◆ TASK REQUIREMENTS ◆
Copy every entry exactly as given, minus the images.

◆ INFORMATION ◆
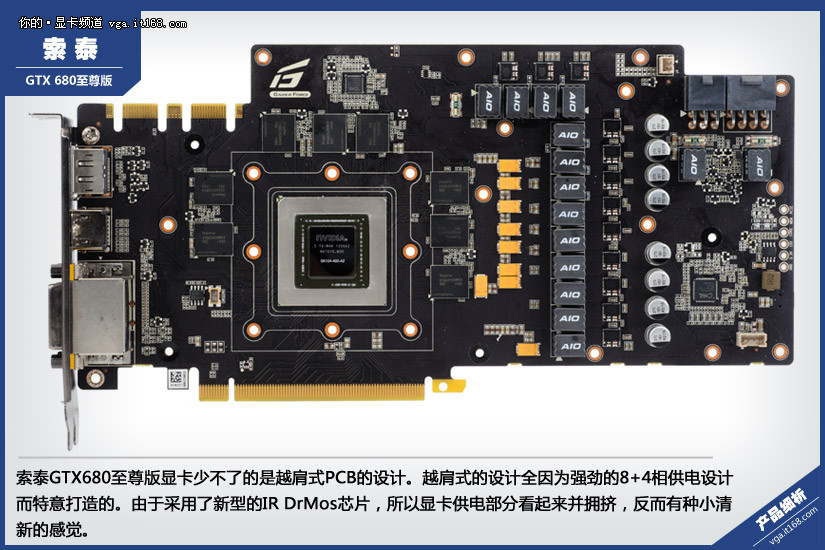 索泰GTX680至尊版显卡少不了的是越肩式PCB的设计。越肩式的设计全因为强劲的8+4相供电设计而特意打造的。由于采用了新型的IR DrMos芯片,所以显卡供电部分看起来并拥挤,反而有种小清新的感觉。
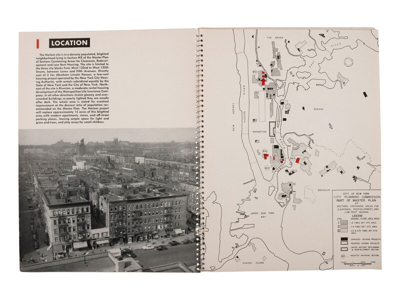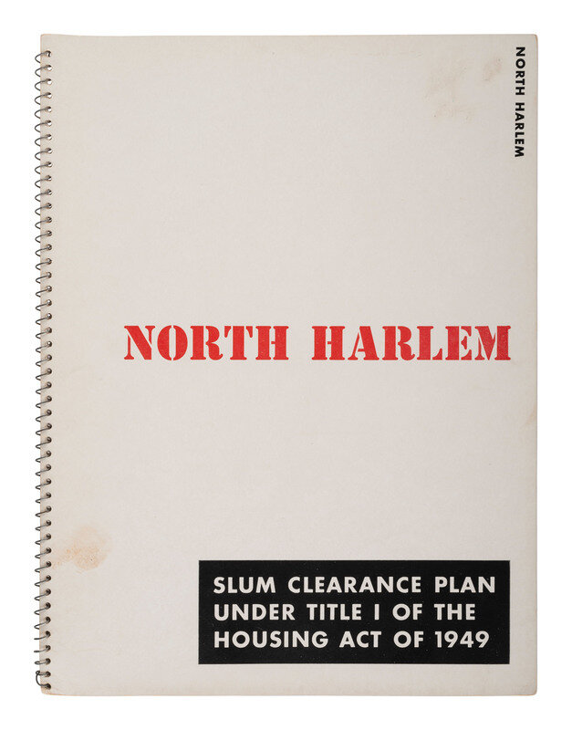 North Harlem: Slum Clearance Plan Under Title I of the Housing Act of 1949. Committee on Slum Clearance Plans, 1951. 52pp, 9 x 12 in., spiral bound (minor bumping to page corners, smudging/soiling to covers.
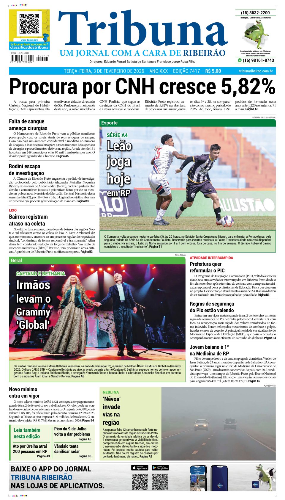 Capa do dia 3 de fevereiro de 2026
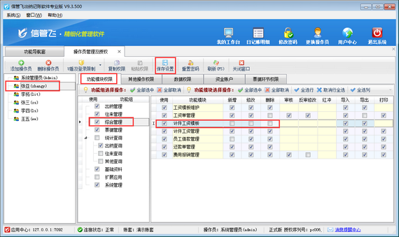 在功能導(dǎo)航窗點(diǎn)擊“系統(tǒng)管理”—》“操作員及授權(quán)”,打開操作員管理及授權(quán)界面,選擇操作員“張亞”,在其右側(cè)的功能模塊權(quán)限內(nèi)選擇“綜合管理”模塊,將“計(jì)件工資模板”的“新增、修改、刪除”權(quán)限勾選取消,然后保存設(shè)置,如下圖所示。
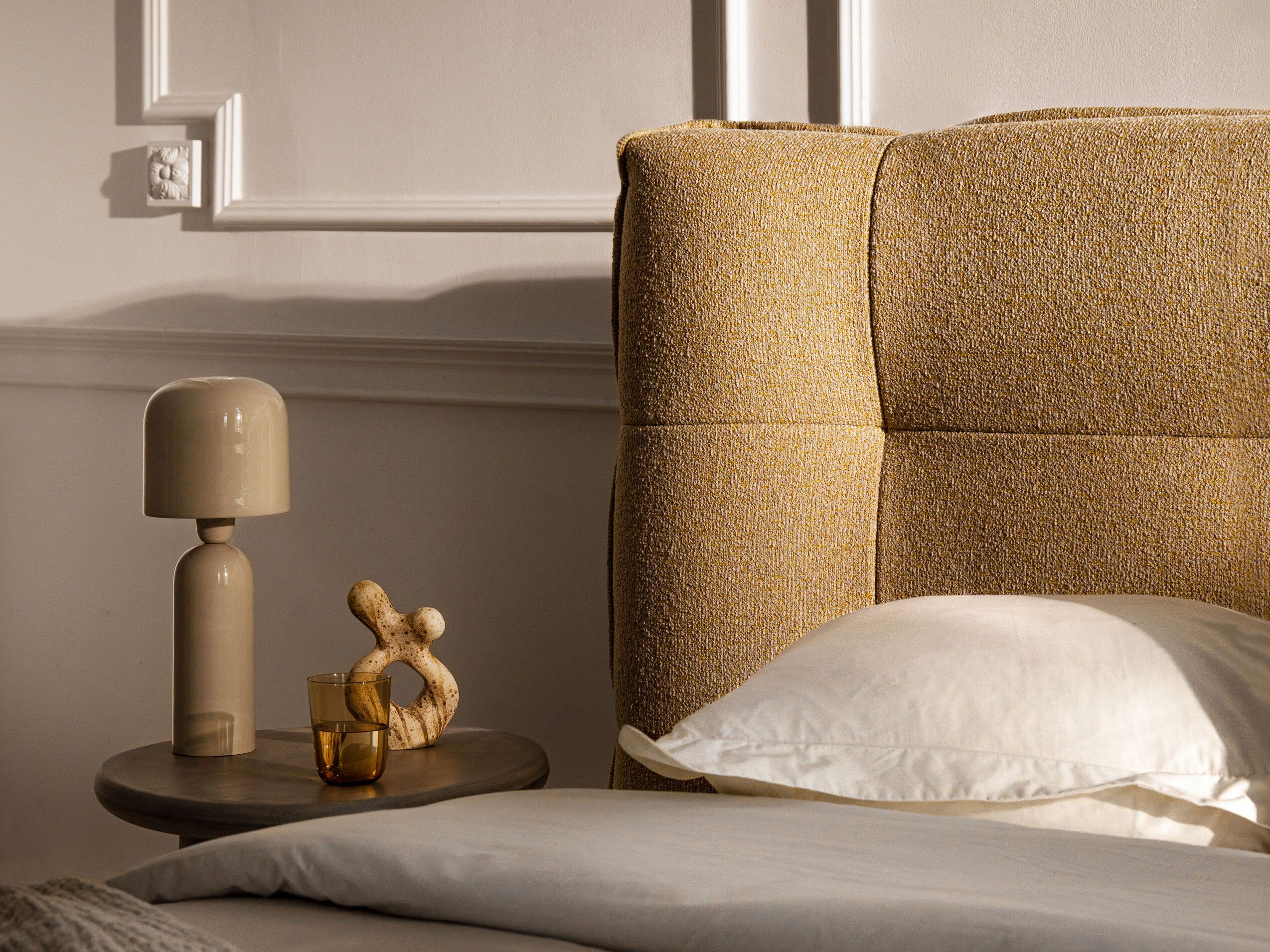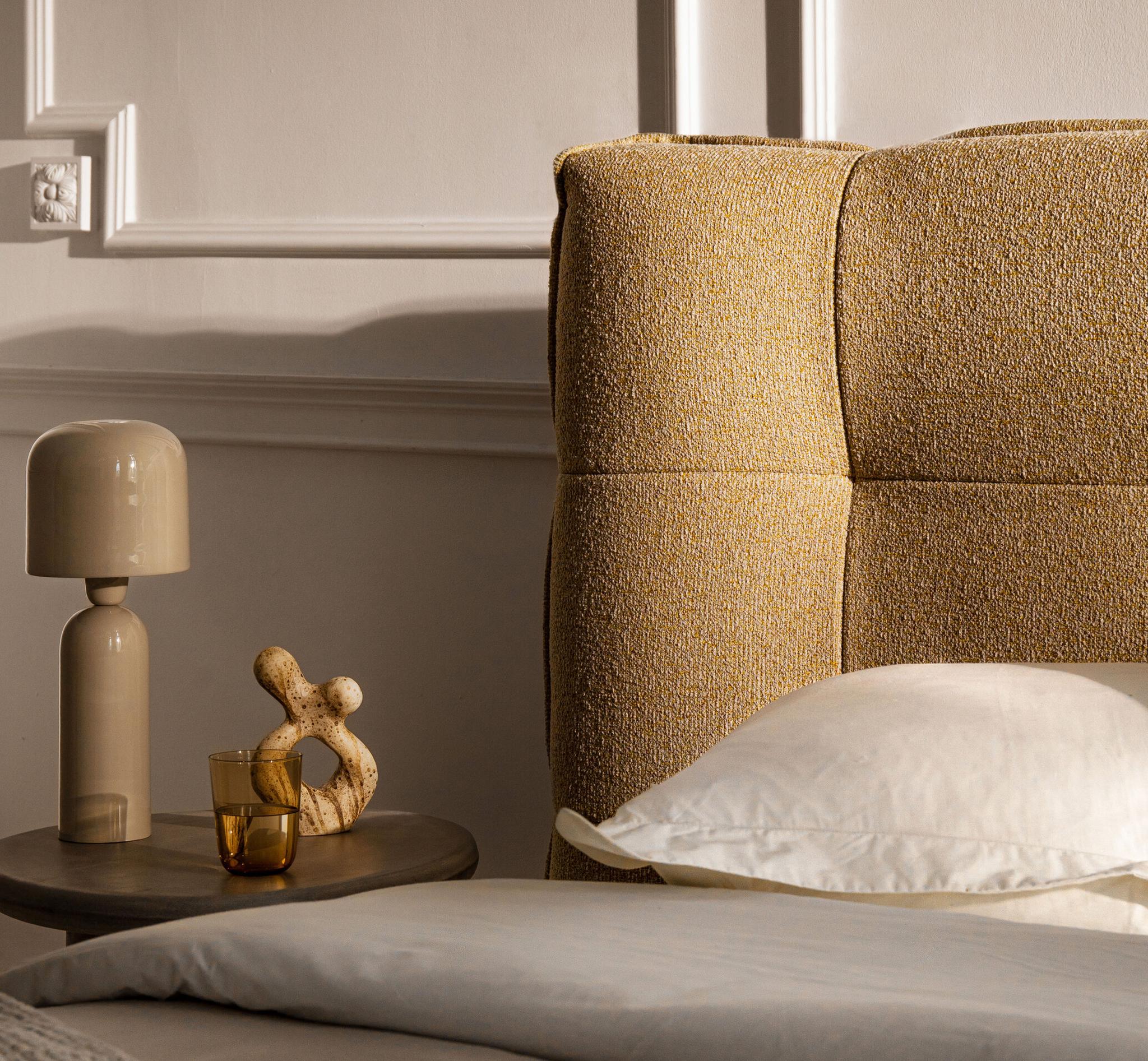 La tête de lit moelleuse n'est pas seulement un dossier confortable. Le motif géométrique des coutures, le capitonnage et le passepoil lui confèrent un caractère décoratif.

◆ EXERCISE RESPONSE ◆
 索泰GTX680至尊版显卡少不了的是越肩式PCB的设计。越肩式的设计全因为强劲的8+4相供电设计而特意打造的。由于采用了新型的IR DrMos芯片,所以显卡供电部分看起来并拥挤,反而有种小清新的感觉。
 North Harlem: Slum Clearance Plan Under Title I of the Housing Act of 1949. Committee on Slum Clearance Plans, 1951. 52pp, 9 x 12 in., spiral bound (minor bumping to page corners, smudging/soiling to covers.
 Capa do dia 3 de fevereiro de 2026
 在功能導(dǎo)航窗點(diǎn)擊“系統(tǒng)管理”—》“操作員及授權(quán)”,打開操作員管理及授權(quán)界面,選擇操作員“張亞”,在其右側(cè)的功能模塊權(quán)限內(nèi)選擇“綜合管理”模塊,將“計(jì)件工資模板”的“新增、修改、刪除”權(quán)限勾選取消,然后保存設(shè)置,如下圖所示。
 La tête de lit moelleuse n'est pas seulement un dossier confortable. Le motif géométrique des coutures, le capitonnage et le passepoil lui confèrent un caractère décoratif.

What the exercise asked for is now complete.